▶ EXERCISE REQUIREMENTS
Pictures in the records below must be left out. Return exactly the lines from the line with "Base de caldo" to the line with "Bring a refined", both included.

▶ LISTED RECORDS
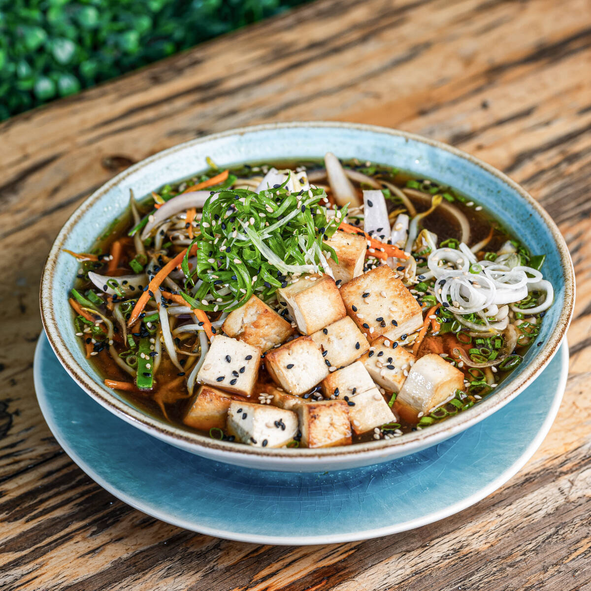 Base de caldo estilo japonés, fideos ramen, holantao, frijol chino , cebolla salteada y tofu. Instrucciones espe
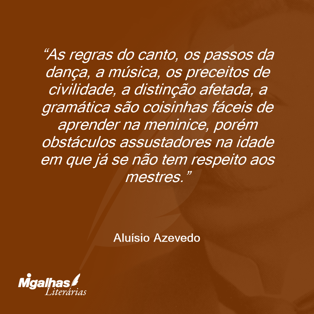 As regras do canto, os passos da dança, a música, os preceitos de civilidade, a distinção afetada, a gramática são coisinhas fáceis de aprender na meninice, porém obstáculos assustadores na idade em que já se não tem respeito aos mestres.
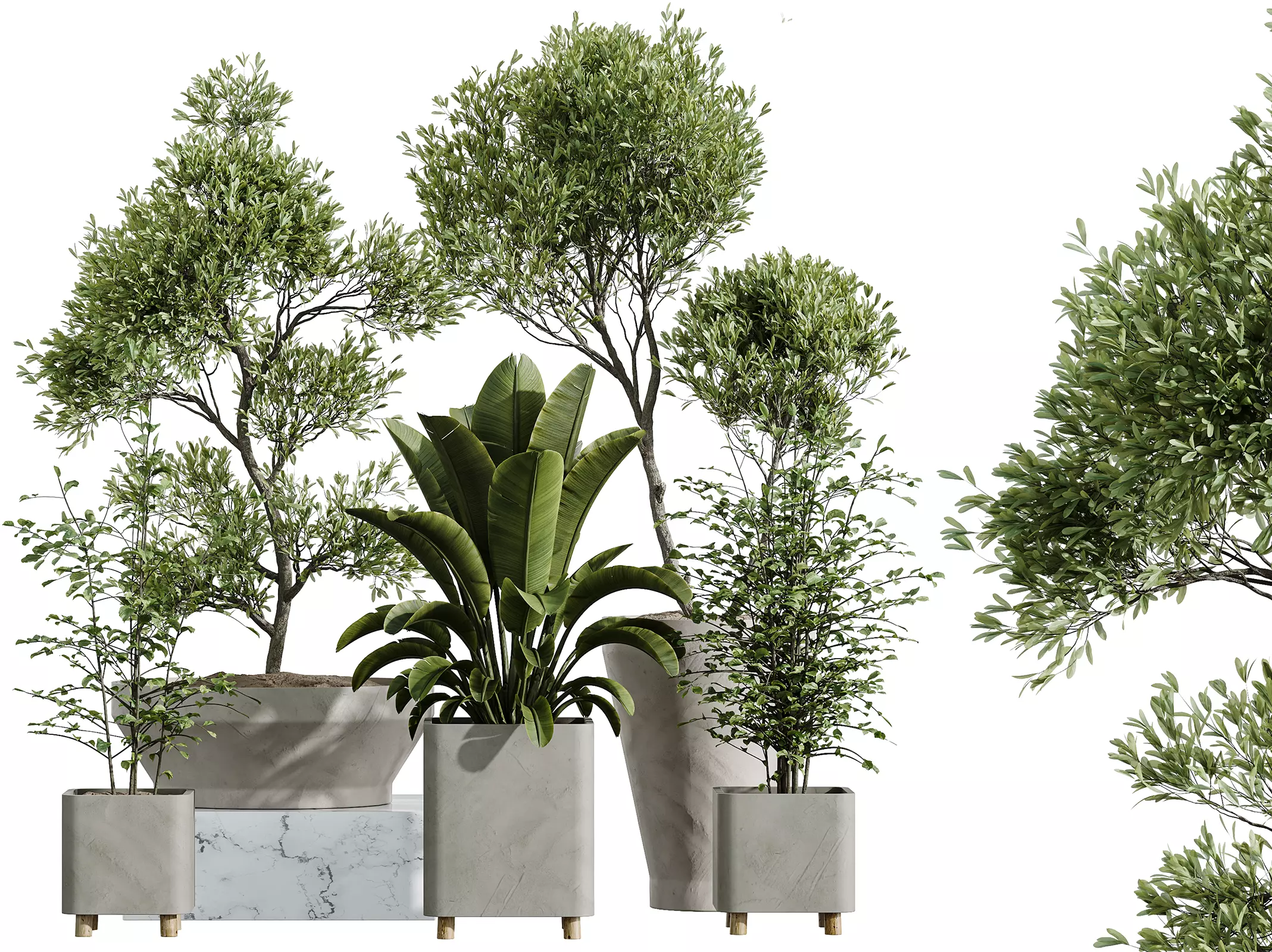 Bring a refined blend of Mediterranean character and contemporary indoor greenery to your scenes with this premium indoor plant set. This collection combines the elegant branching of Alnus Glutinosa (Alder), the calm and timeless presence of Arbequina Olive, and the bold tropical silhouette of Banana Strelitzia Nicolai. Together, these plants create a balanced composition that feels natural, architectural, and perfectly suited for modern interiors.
...
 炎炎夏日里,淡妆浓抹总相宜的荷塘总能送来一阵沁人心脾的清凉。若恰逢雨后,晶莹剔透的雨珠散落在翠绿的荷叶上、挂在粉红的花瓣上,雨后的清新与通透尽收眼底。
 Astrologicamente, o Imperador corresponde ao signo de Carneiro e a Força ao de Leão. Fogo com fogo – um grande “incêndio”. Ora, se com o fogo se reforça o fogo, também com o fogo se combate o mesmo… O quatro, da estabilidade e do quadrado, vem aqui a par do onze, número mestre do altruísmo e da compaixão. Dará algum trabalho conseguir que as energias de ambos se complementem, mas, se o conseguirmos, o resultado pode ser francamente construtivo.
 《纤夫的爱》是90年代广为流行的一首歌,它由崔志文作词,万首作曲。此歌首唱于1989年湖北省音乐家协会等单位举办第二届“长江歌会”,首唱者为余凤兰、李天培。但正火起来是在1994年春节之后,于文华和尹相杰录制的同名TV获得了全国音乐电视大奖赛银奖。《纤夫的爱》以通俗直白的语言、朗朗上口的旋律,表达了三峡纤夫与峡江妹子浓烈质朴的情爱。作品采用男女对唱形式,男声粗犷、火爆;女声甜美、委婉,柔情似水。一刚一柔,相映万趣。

▶ EXERCISE OUTPUT
 Base de caldo estilo japonés, fideos ramen, holantao, frijol chino , cebolla salteada y tofu. Instrucciones espe
 As regras do canto, os passos da dança, a música, os preceitos de civilidade, a distinção afetada, a gramática são coisinhas fáceis de aprender na meninice, porém obstáculos assustadores na idade em que já se não tem respeito aos mestres.
 Bring a refined blend of Mediterranean character and contemporary indoor greenery to your scenes with this premium indoor plant set. This collection combines the elegant branching of Alnus Glutinosa (Alder), the calm and timeless presence of Arbequina Olive, and the bold tropical silhouette of Banana Strelitzia Nicolai. Together, these plants create a balanced composition that feels natural, architectural, and perfectly suited for modern interiors.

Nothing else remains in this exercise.